Joel Grey turned 77 this week, so how could I not include him in this week's Dance Party? Well, it was either Grey or David Cassidy, who also had a birthday this week. Want to feel old? Former teen idol Cassidy turned (get this) 59 on Sunday. yikes. I decided against dredging up one of those old clips from The Partridge Family, with everybody lip-syncing and Susan Dey pretending to play the synthesizer and Shirley Jones looking wildly out-of-place.
Instead, it's gotta be Joel Grey. I've already written a bit about Grey (a bit?), including seeing him on screen in his career-making role as the Emcee in Cabaret. But I've resisted the temptation to use one of those clips, and instead chosen a little-known one. After Grey's success in Cabaret, he headlined a couple of musicals which were not big hits. His 1975 flop Goodtime Charley attempted to musicalize (get this) the story of Joan of Arc, as seen through the eyes of the dauphin of France who later becomes Charles VII. Maybe this would have made an effective opera, but as a musical comedy, not so much. How could a show recover from an opening number sung by the warrior King Henry V and Queen Isabella of Bavaria? That show must have been a hoot to sit through: I mean, Ann Reinking as Joan of Arc?? Wow.
I actually saw Grey's later disaster, The Grand Tour, about which I have written here.

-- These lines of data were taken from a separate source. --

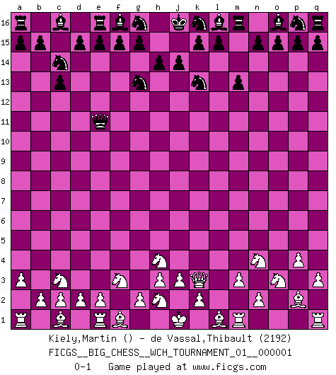 Last move : 0-1 2010 August 26 10:51:7 [Event "FICGS__BIG_CHESS__WCH_TOURNAMENT_01__000001"] [Site "FICGS"] [Date "2010.07.11"] [Round "1"] [White "Kiely,Martin"] [Black "de Vassal,Thibault"] [Result "0-1"] [WhiteElo ""] [BlackElo "2192"] 1.q2-q3 j15-k13 2.a2-a3 h16-o10 3.b1-c3 o10-f2 4.g1-f3 f2-l7 5.j2-h4 l7-l2 6.k1-l3 l2-o5 7.p2-p4 o5-o2 8.l3-n4 o2-e11 9.m2-m3 m15-m13 10.p1-o3 h15-g13 11.o1-p2 c15-c13 12.h1-k3 b16-c14 0-1 This big chess game has been lost on time (started : 2010.07.11 0:50:7) Follow this game move after move (download)I have always a slight feeling of pity for the man who has no knowledge of Chess. (Siegbert Tarrasch) Jeder Schachmeister war einmal ein Anfänger. (Irving Chernev) La señal de un Gran Maestro es su habilidad de ganar una partida rápidamente y sin dolor. (Irving Chernev) Le système Elo représente seulement une moyenne. Il est simplement un indicateur de votre stabilité. (Anatoli Karpov) O divine art of subtlety and secrecy! Through you we learn to be invisible, through you inaudible and hence we can hold the enemy's fate in our hands. (Sun Tzu)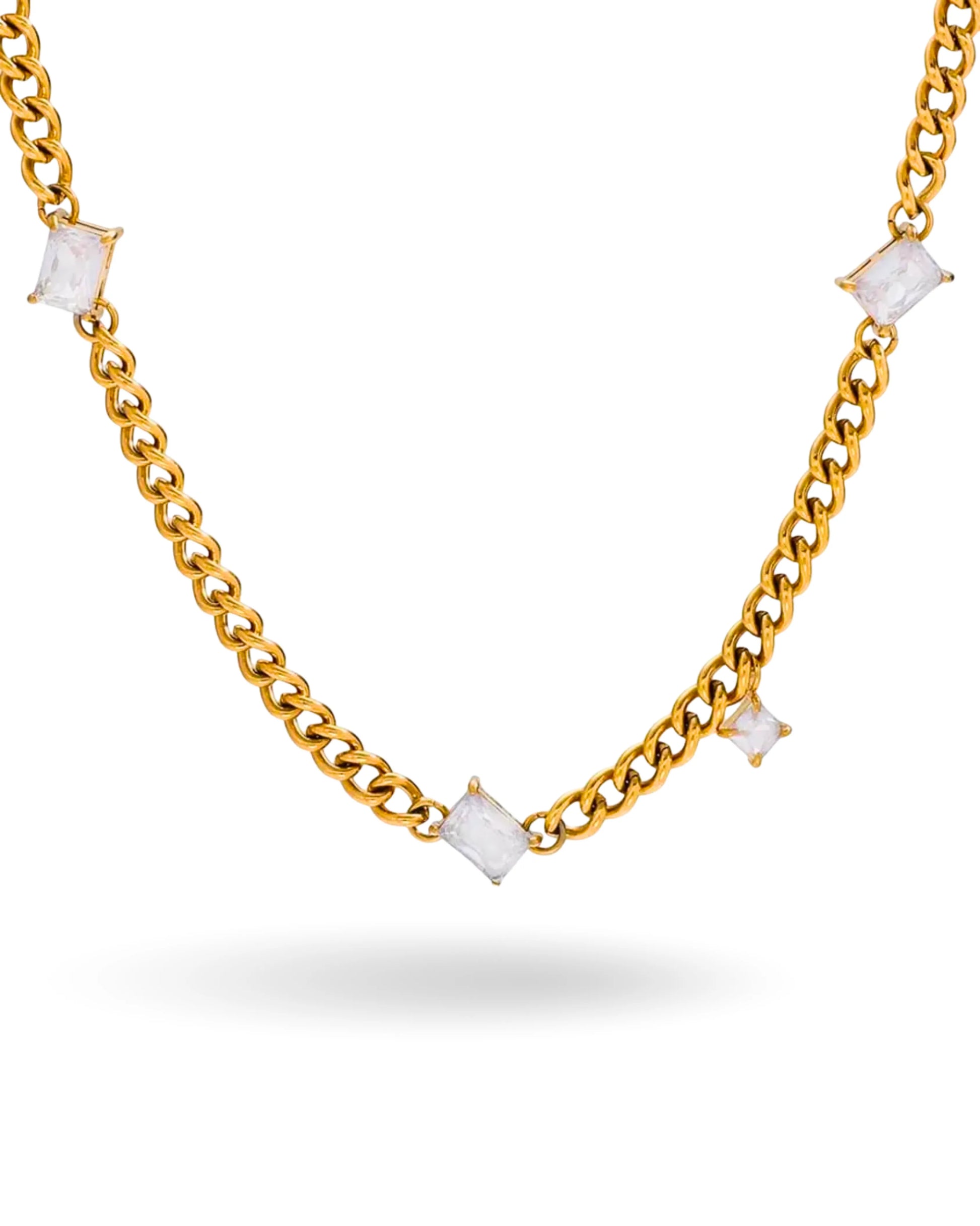 The RADIANT CHAIN NECKLACE WITH ZIRCON ACCENTS combines bold gold links with sparkling zircon stones for a modern, chic, and timeless look.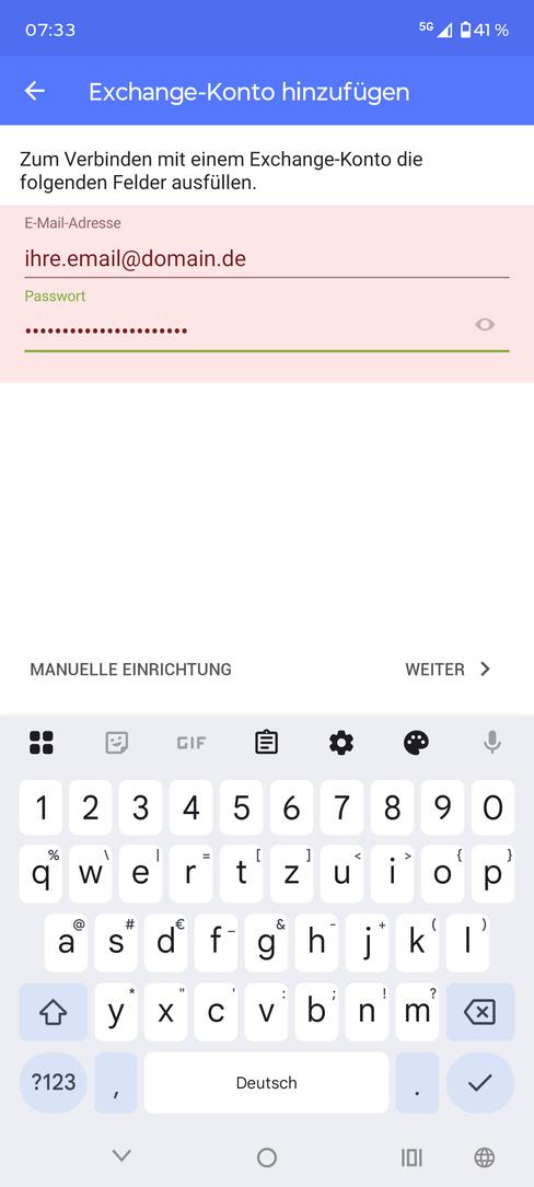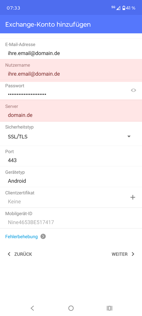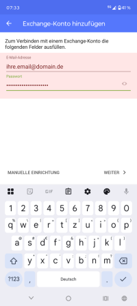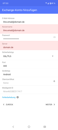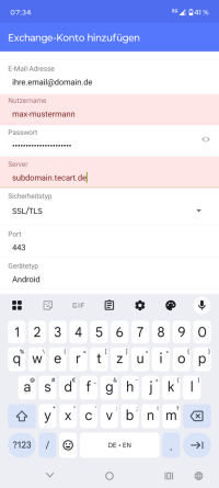 Für die Einbindung mehrerer E-Mail-Konten müssen Sie weitere Einstellungen vornehmen. Richten Sie zunächst ein weiteres ActiveSync-Konto nach den angegebenen Beschreibungen ein. Verwenden Sie in diesem Fall jedoch die E-Mail-Adresse, die Sie synchronisieren möchten. Fahren Sie mit den Angaben bis zum Benutzernamen für die Anmeldung an Ihrem TecArt-System fort.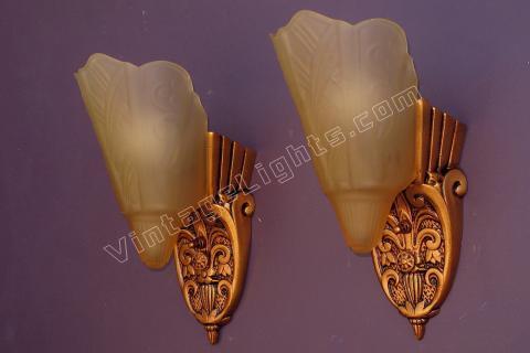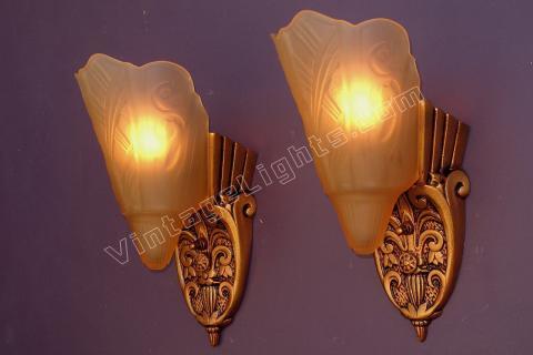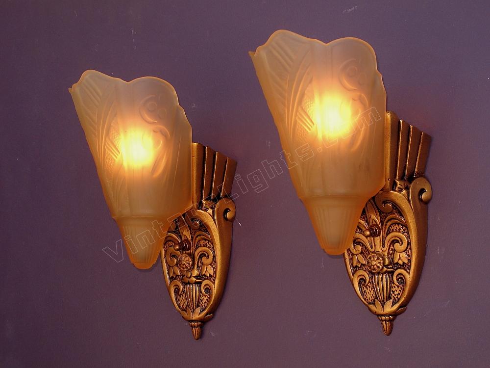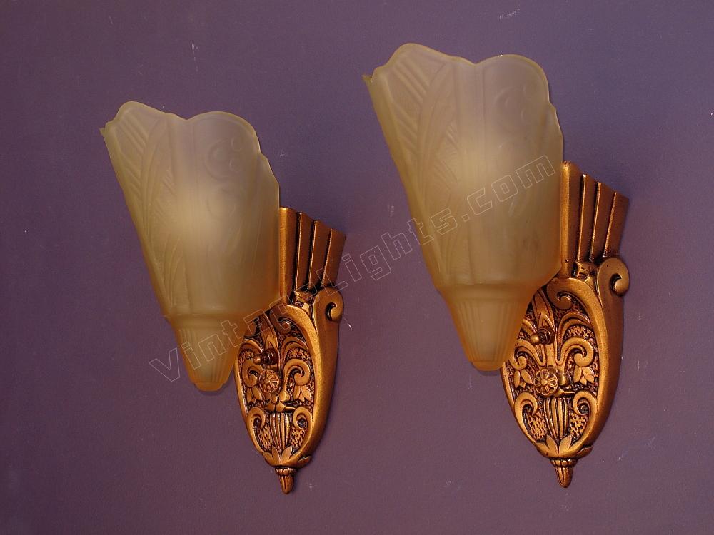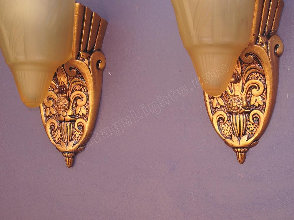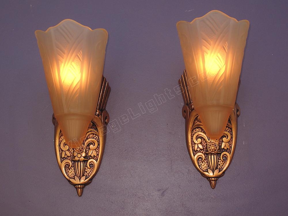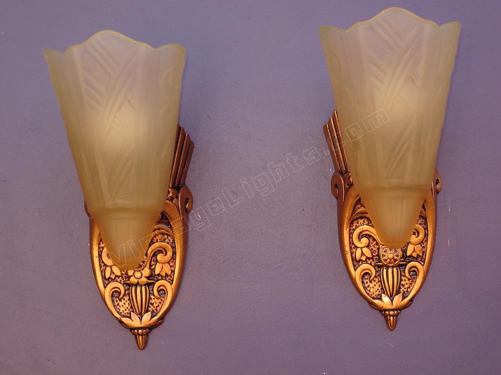 Pair Vintage 1920s - 30s Slip Shade Wall Sconces 2 pair available priced per pair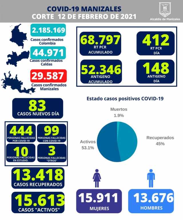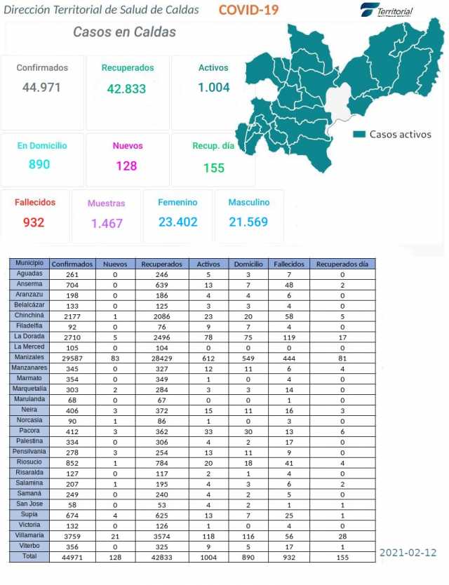 Con los datos de la jornada, Caldas asciende a 44 mil 971 contagiados y a 932 fallecidos.
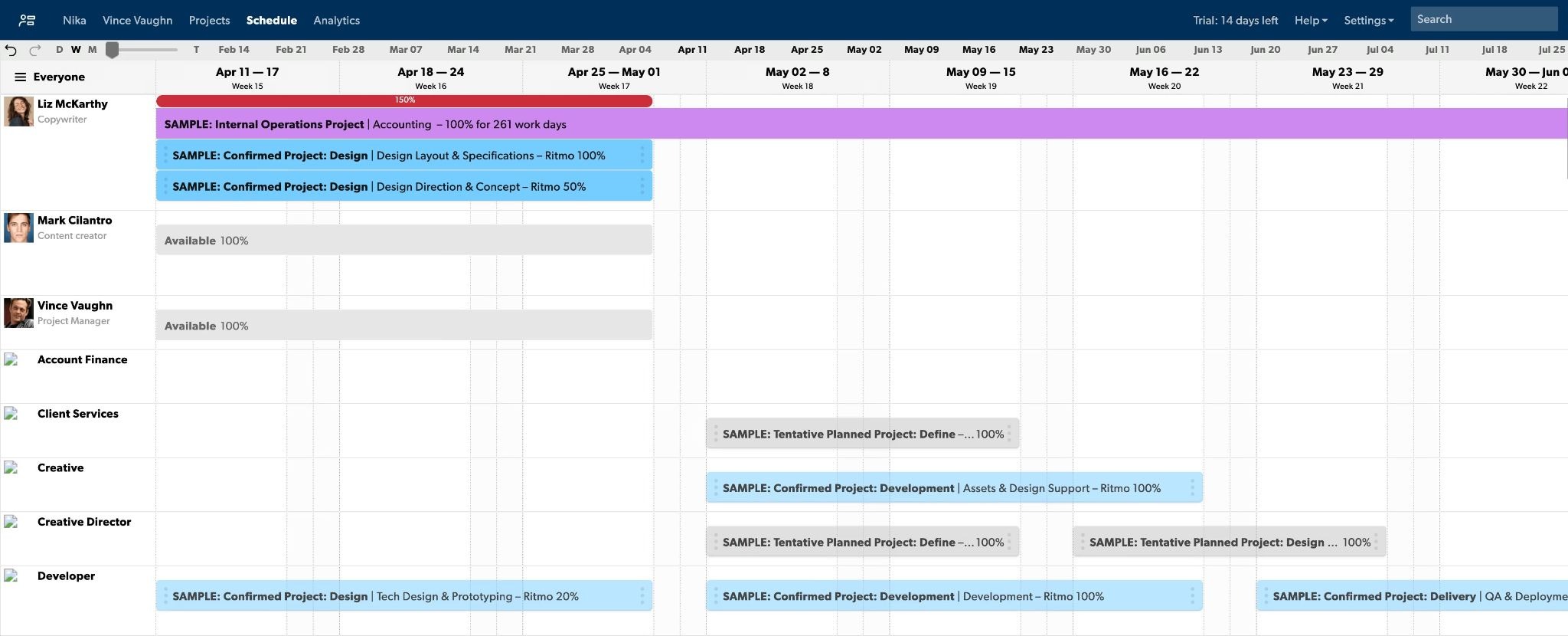 Resource planning tools do a lot of the heavy lifting for you. Updates carry through to other relevant reports, and budget and timeline management is automated. Resource planning becomes easier, faster, and more reliable.

But years before those mistakes, Grey had a minor hit with his follow-up to Cabaret, George M! He played George M. Cohan, which was a good fit for his singing and dancing skills, but Grey has never been a particularly warm presence onstage, and the show was pretty chilly. (I have to say that I have seen Grey once more onstage, in a summer stock production of 1776, in which he was very effective as John Adams, who was, after all, a chilly fellow himself.) And George M. Cohan was not a particularly nice guy to play; he was an arrogant egomaniac who trashed two marriages and, as a producer, attempted to block the formation of the stage actors union back in the 1920s. (Can you tell I played the sucker? Well, I played him into the ground, back in 1983, and can confirm that tap-dancing is not my strongest suit.) Anyway, in 1970, a truncated version of George M! was broadcast on ABC; unfortunately, there has never been a video of that show released, so the clip below is a bit fuzzy. But it's fun, especially when you notice the actors playing Grey's sister, mother and father. Surely you recognize them, right?
By the way, whoever first loaded this clip onto YouTube obviously had no sense of comic timing. Otherwise he would have included the tag line. After this number, the producer watching the Cohans perform (the guy with the cigar) takes a beat and says, "I'll take the girl."